(INFORMATION PROVIDED Opens)

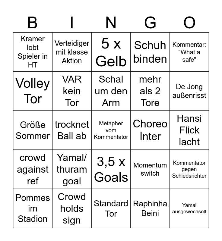 This bingo card has a free space and 24 words: Yamal/ thuram goal, Crowd holds sign, Schal um den Arm, Pommes im Stadion, Kommentar: "What a safe", Kramer lobt Spieler in HT, Volley Tor, Verteidiger mit klasse Aktion, Choreo Inter, 3,5 x Goals, mehr als 2 Tore, Größe Sommer, Momentum switch, Kommentator gegen Schiedsrichter, VAR kein Tor, Raphinha Beini, Hansi Flick lacht, 5 x Gelb, De Jong außenrisst, trocknet Ball ab, Yamal ausgewechselt, crowd against ref, Schuh binden and Standard Tor.
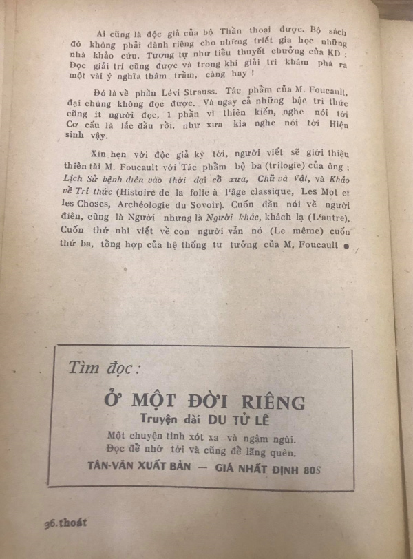 Foucault. NGUYỄN QUỐC TRỤ (Tập san Thoát số 19, trang 33-36 )
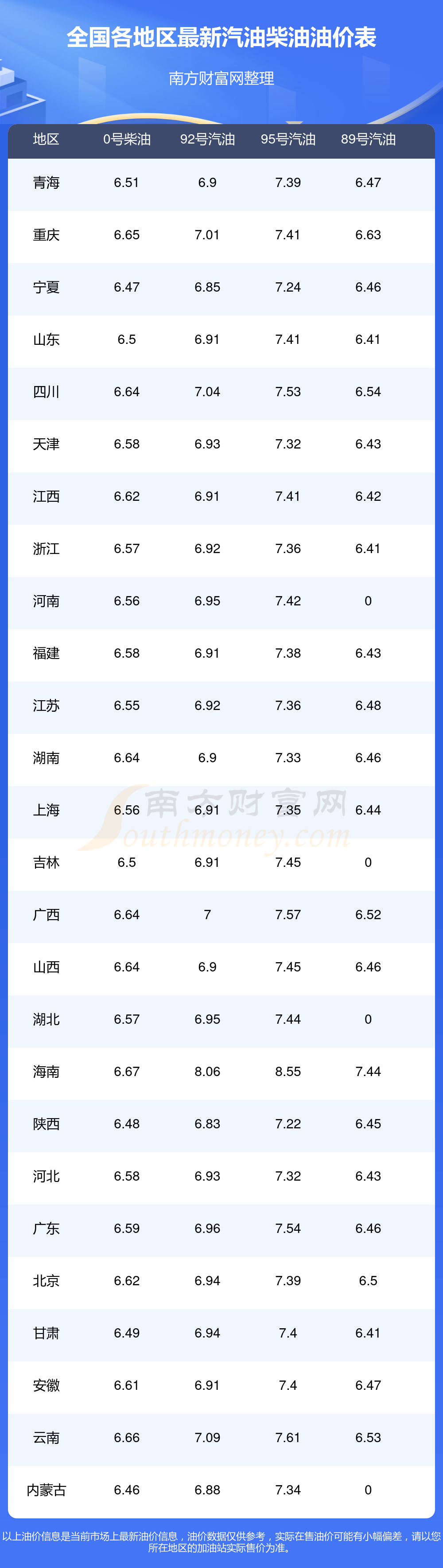 附:最新全國(guó)汽油、柴油價(jià)格一覽表

(INFORMATION PROVIDED Closes)

EXERCISE:
Repeat the listing above up to and including the line with "Foucault. NGUYỄN QUỐC", starting from its first line. Drop any pictures.

COMPLETED EXERCISE:
 This bingo card has a free space and 24 words: Yamal/ thuram goal, Crowd holds sign, Schal um den Arm, Pommes im Stadion, Kommentar: "What a safe", Kramer lobt Spieler in HT, Volley Tor, Verteidiger mit klasse Aktion, Choreo Inter, 3,5 x Goals, mehr als 2 Tore, Größe Sommer, Momentum switch, Kommentator gegen Schiedsrichter, VAR kein Tor, Raphinha Beini, Hansi Flick lacht, 5 x Gelb, De Jong außenrisst, trocknet Ball ab, Yamal ausgewechselt, crowd against ref, Schuh binden and Standard Tor.
 Foucault. NGUYỄN QUỐC TRỤ (Tập san Thoát số 19, trang 33-36 )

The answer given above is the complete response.